Iran basically has too many problems of its own to exert much influence. It exerts a bit of negative influence on Azerbaijan. It, for example, has a TV channel which broadcasts in the Azeri language denouncing Azerbaijan as a kind of enemy of Islam and a friend of Israel. The foreign minister has tried this year to make some progress, but he was sacked yesterday.

Georgia is a friend of the U.S., but it does try to play all sides. It has just instituted their visa-free regime with Iran, but that's mainly for economic reasons.

Turkey is definitely trying to activate its policy in the Caucasus, following the famous "zero problems with neighbors" policy. But in the Caucasus, it couldn't decide whether zero problems with neighbors meant you treat all neighbors equally or some neighbors are better than others. Azerbaijan, which is a fellow Turkic country, had this opening with Armenia and then they sort of backed off because Azerbaijan was so militantly against it. They decided, "We can't alienate our Turkic brothers." Unfortunately, that rapprochement has stalled.

Turkey is the biggest economic player in the region, the biggest trading partner, but its political influence will be small until it has relations with all three countries. It has to sort out its Armenian issue, which is obviously a big historical issue.

QUESTION: Richard Valcourt, International Journal of Intelligence.

Following up on Dr. Gitelson's question regarding Iran, the West involved itself in the Balkans, particularly in Bosnia, on the side of the Muslims. That was in conjunction with the Iranians. To what extent should the West get itself involved in the Caucasus or anywhere else? Should the Russians, for instance, get even tougher than they usually are against the Chechens or any country in the Caucasus?

THOMAS DE WAAL: When we look at the South Caucasus, there are two Christian nations, Georgia and Armenia. There is one Muslim nation, Azerbaijan, but it is relative to the Turkey model, and is quite secularized. The Islamic factor is therefore relatively small in South Caucasus.
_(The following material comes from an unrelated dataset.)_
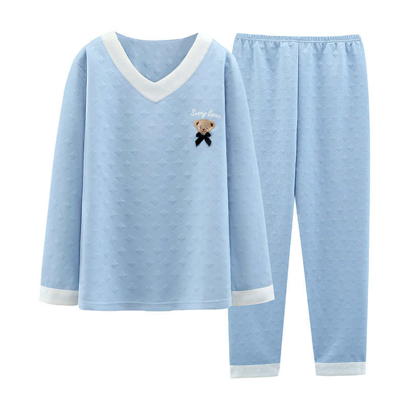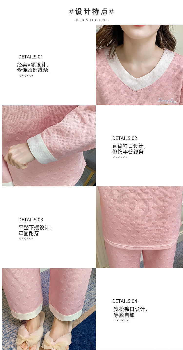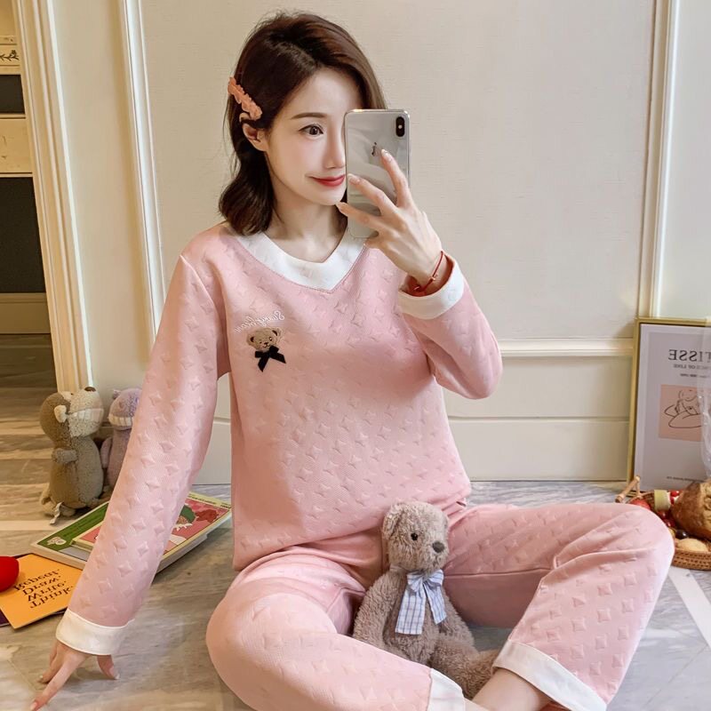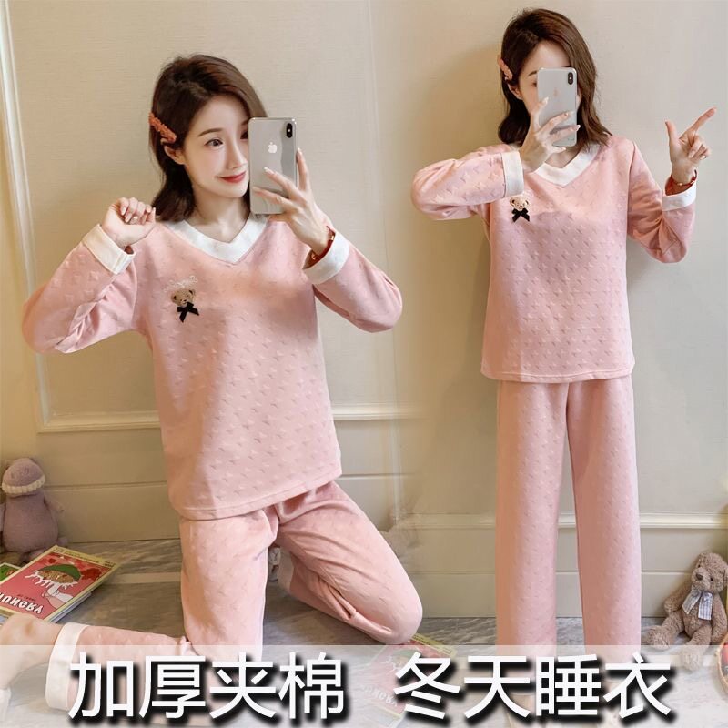秋冬加厚夹层空气棉睡衣女新款纯色套头小个子家居服套装月子服

When you look at the North Caucasus, the Islamic factor is much bigger. Russia is currently in a state of denial about North Caucasus. It is becoming ungovernable. Rates of violence are shooting up there again this year. Logically, Russia should be calling for some international assistance there, particularly with the Sochi Olympics coming up in 2014. But Russia pretty much keeps out any Western involvement in that region.

Even if the West did want to get involved, there's no opening there. Arguably, Western powers should want to have at least some stake in the North Caucasus, because it is becoming a bit of a black hole.

QUESTION: John Richardson.

My question is whether Russia is in decline in this region or not. Three things are running through my mind. One is, Western historians talk about the Russians using everything to defend the Mother Russia. That goes to your point about the North Caucasus. But the Rossiya [Russia], which is everything else, exhausts them periodically, and they have to go back to defend nas. Russia has been the largest military power in Europe since Napoleonic times. Then you've got people like Stalin and Beria, who were from Georgia. Mikoyan was an Armenian.

There is a tremendous history of involvement there. What do you think is going to happen? Is the [Russian] Bear really going to go out of this or is it going to come back?

THOMAS DE WAAL: Whether it likes it or not, Russia is in long-term strategic retreat from this region. It has so many problems in the North Caucasus that I have alluded to. The idea that Russia could, in some major way, spend resources on dominating the South Caucasus is not feasible. You mentioned the largest army in Europe, but one of the unseen aspects of Putin's Russia is a big military reform and a big reduction in the armed forces.

South of the mountains, Russia is very much the economic player nowadays. Another story that is not talked about is that it still has major investments in Georgia and owns most of the Armenian economy one way or another. That locks Russia into a much more pragmatic role in this region, in which it becomes a zone of stability.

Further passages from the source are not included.